Jülich Supercomputing Centre (JSC) has allocated two large data projects with a volume of several hundred terabytes for the DeepRain project. The first 30 TByte of meteorological model data have been successfully transferred from the German Weather Service to JSC and a prototype workflow for processing of these data has been established.
The DeepRain presentation by Martin Schultz at the European Geoscience Union conference in Vienna was well received. Machine learning attracts a lot of attention now in the research field of weather and climate. Fruitful discussions followed the talk, which may lead to future collaborations.
The DeepRain team has just completed its second project meeting and the project partners return to their home institutions. The meeting was organized at the Institute for Cognitive Sciences at the University in Osnabrück and included a brief tutorial on Deep Learning, which is the expertise of Prof. Gordon Pipa’s research group. Prof. Pipa’s team presented their plans for neural network architectures that will be used to learn rainfall patterns from the ensemble model runs by the German Weather Service. The DeepRain partners continued their discussions about the Terabyte-scale data management and debated about validation methods and error characteristics, and how these may affect the performance of the neural networks. Careful analysis of errors and understanding the merits and limitations of deep learning in the context of weather data are key objectives of the DeepRain project.

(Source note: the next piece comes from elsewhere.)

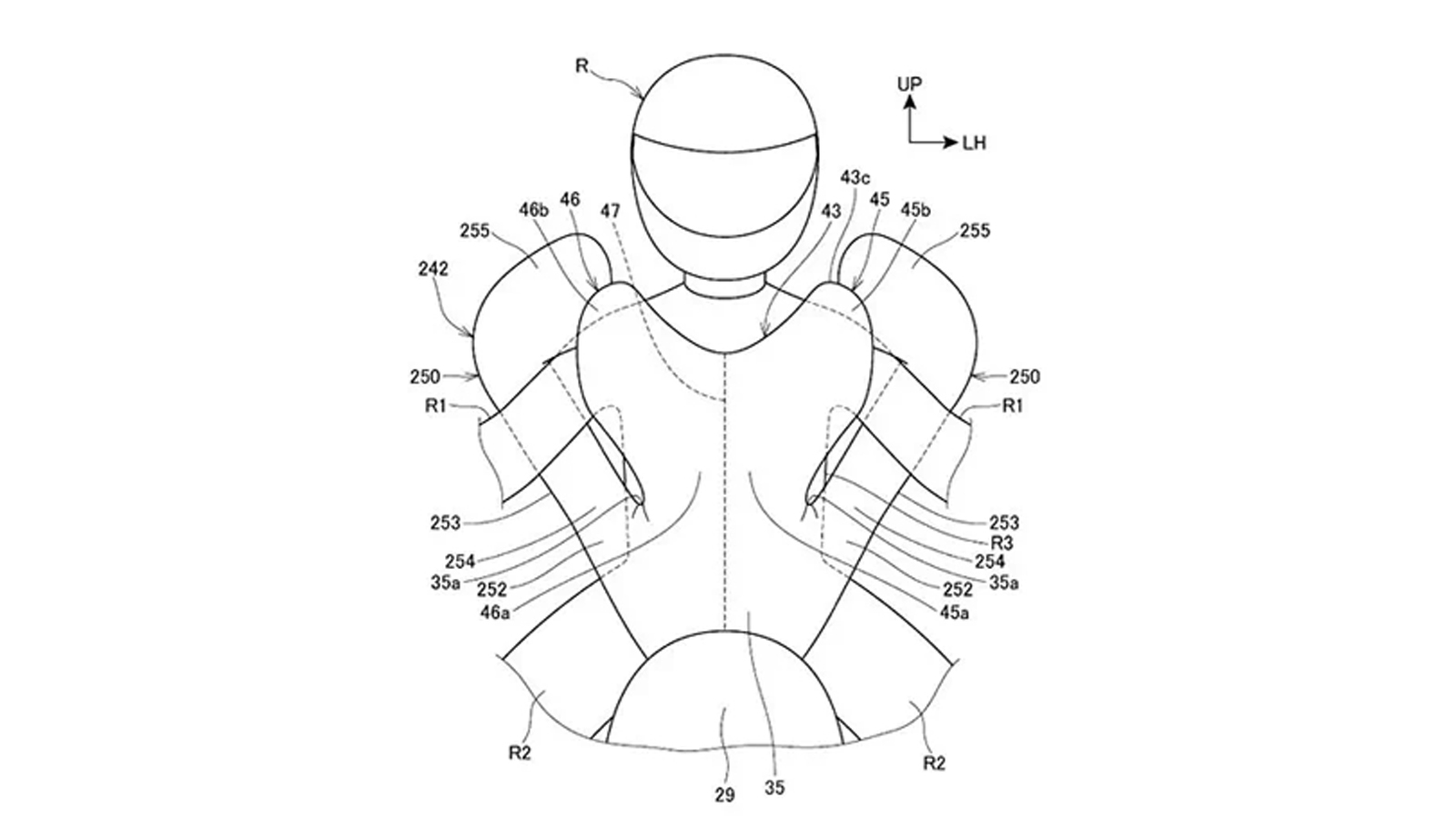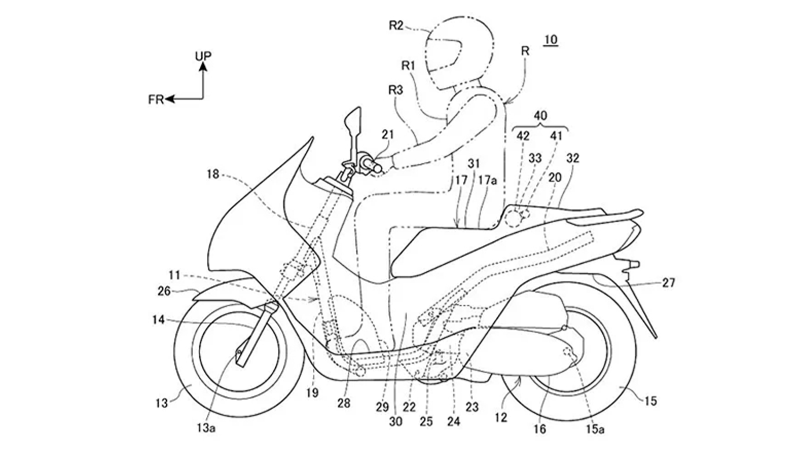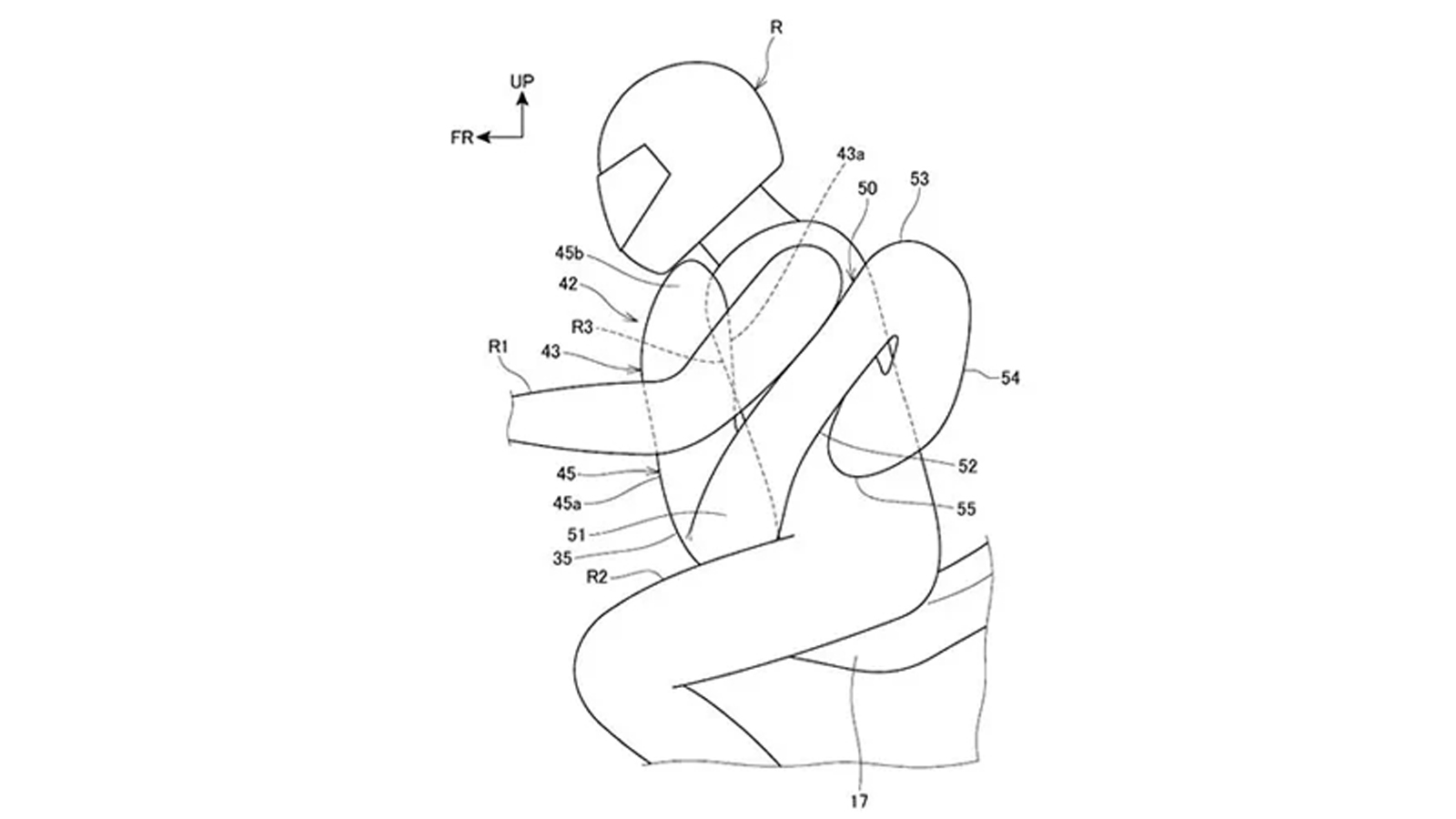 而近期由本田提出的大量專利申請中,可看出他們針對摩托車前置式安全氣囊的問題、結合人身安全氣囊部品的優點,構思出了一些解決方案,這些新專利主要的概念,就是將車載安全氣囊改為隱藏在車輛的座椅中,當發生碰撞時,氣囊將充氣並包裹在騎士的身上,並且氣囊在彈出後可立刻與車輛分離,就如彈射座椅一般,讓騎士就算因慣性不幸被拋飛時,仍可獲得氣囊的保護並減緩撞擊力道。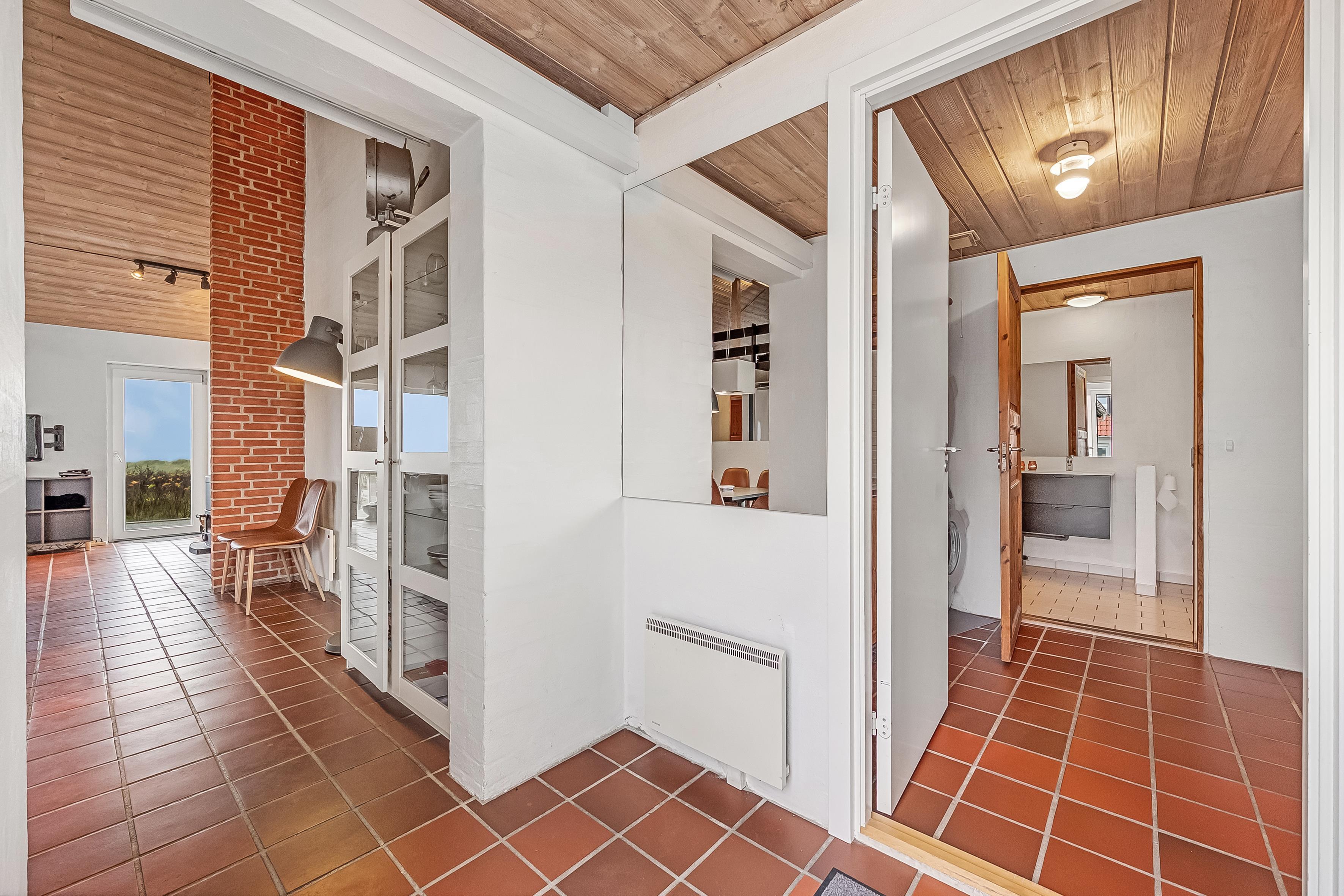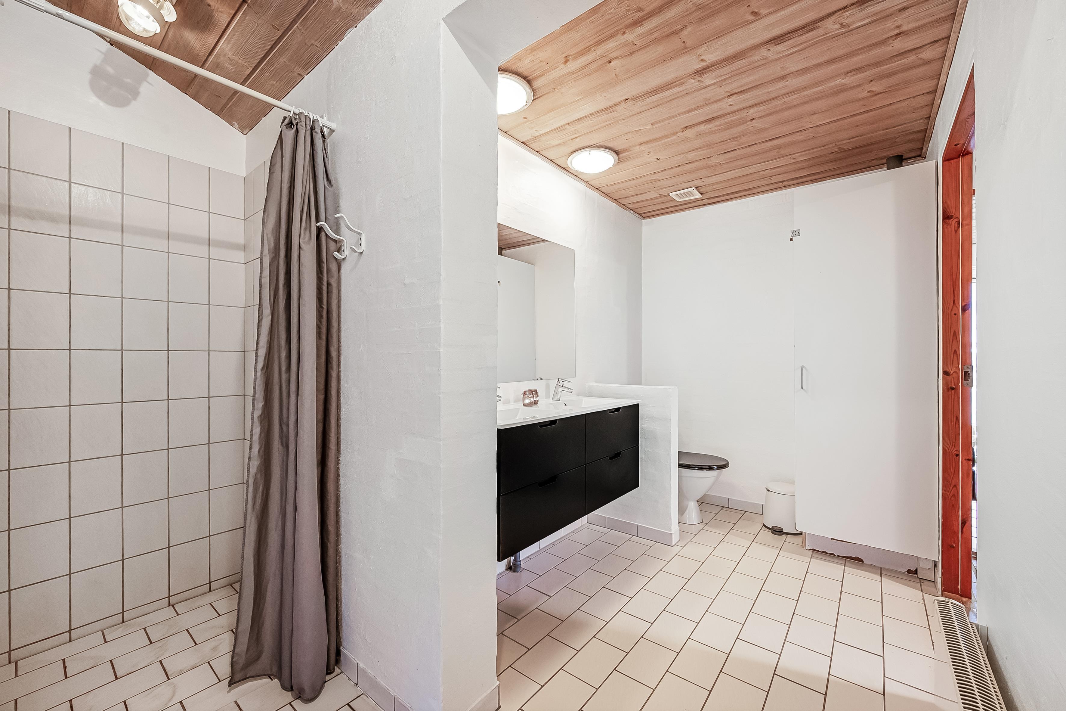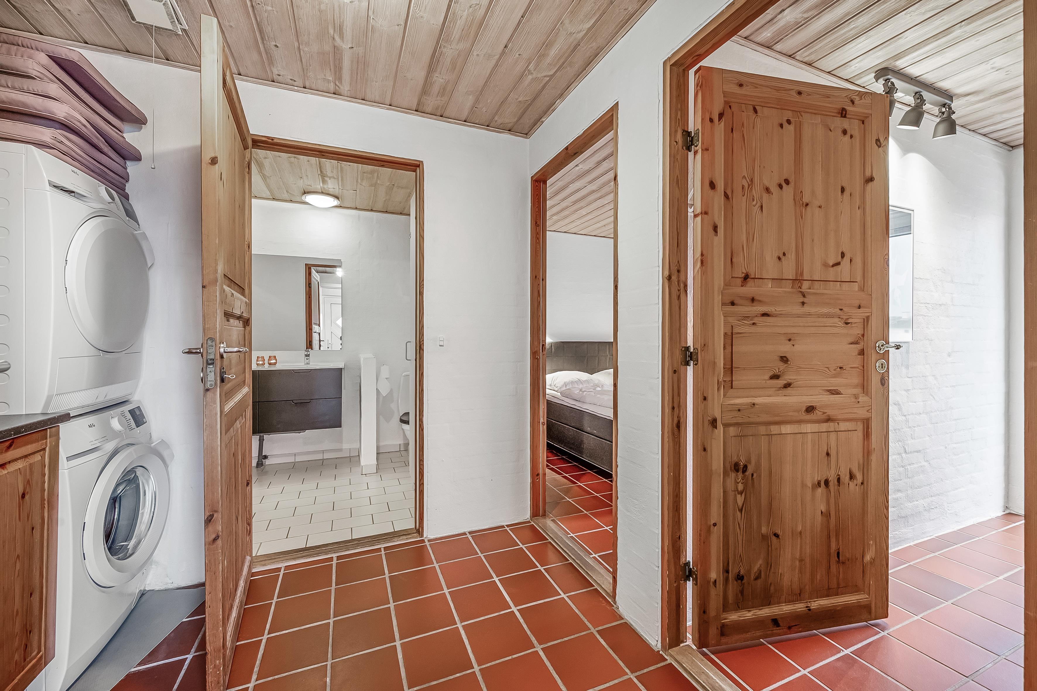 Køkkenet er fuldt udstyret med alt, hvad du behøver for at tilberede lækre måltider – moderne faciliteter som induktionskogeplader, varmluftovn, mikrobølgeovn og opvaskemaskine er selvfølgelig tilgængelige. Sommerhuset har desuden to badeværelser med bruseniche og gulvvarme, hvilket sikrer ekstra komfort.

The DeepRain cooperation agreement has been finalized and signed by all project partners. This constitutes the formal basis for a fruitful collaboration among Forschungszentrum Jülich as coordinator, the German Weather Services (DWD), the Universities of Osnabrück and Bonn and Jacobs University in Bremen. “The DeepRain project adopts the principles of Open Science and Open Data. Therefore the collaboration agreement imposes as little constraints as possible, but some rules are necessary.”, says Dr. Martin Schultz, who coordinates the project.
The DeepRain project will be presented at the European Geophysical Union General Assembly in Vienna. Dr. Martin Schultz, the project coordinator, has been assigned to an oral presentation on Thursday, 11 Apr 2019, 16:15 h in the session on Machine learning for Earth System modelling.
Back from the Rasdaman training workshop on the campus of Jacobs University in Bremen, the DeepRain co-ordinator Dr. Martin Schultz sounds rather satisfied: “This workshop was very helpful to all ten participants. Not only did we learn a lot about the amazing technology behind Rasdaman and the thorough design concept, which not only follows but actually sets standards for geographic data processing, but it was also good to find a bit of time to actually work on samples from the actual data that will be used during the project. It was great to learn that we can obtain even more data from DWD than we had thought initially. At JSC we now have to get our heads together to organize the transfer and management of half a petabyte of weather model data. DeepRain clearly is one of the most exciting projects I have been working on in my career.”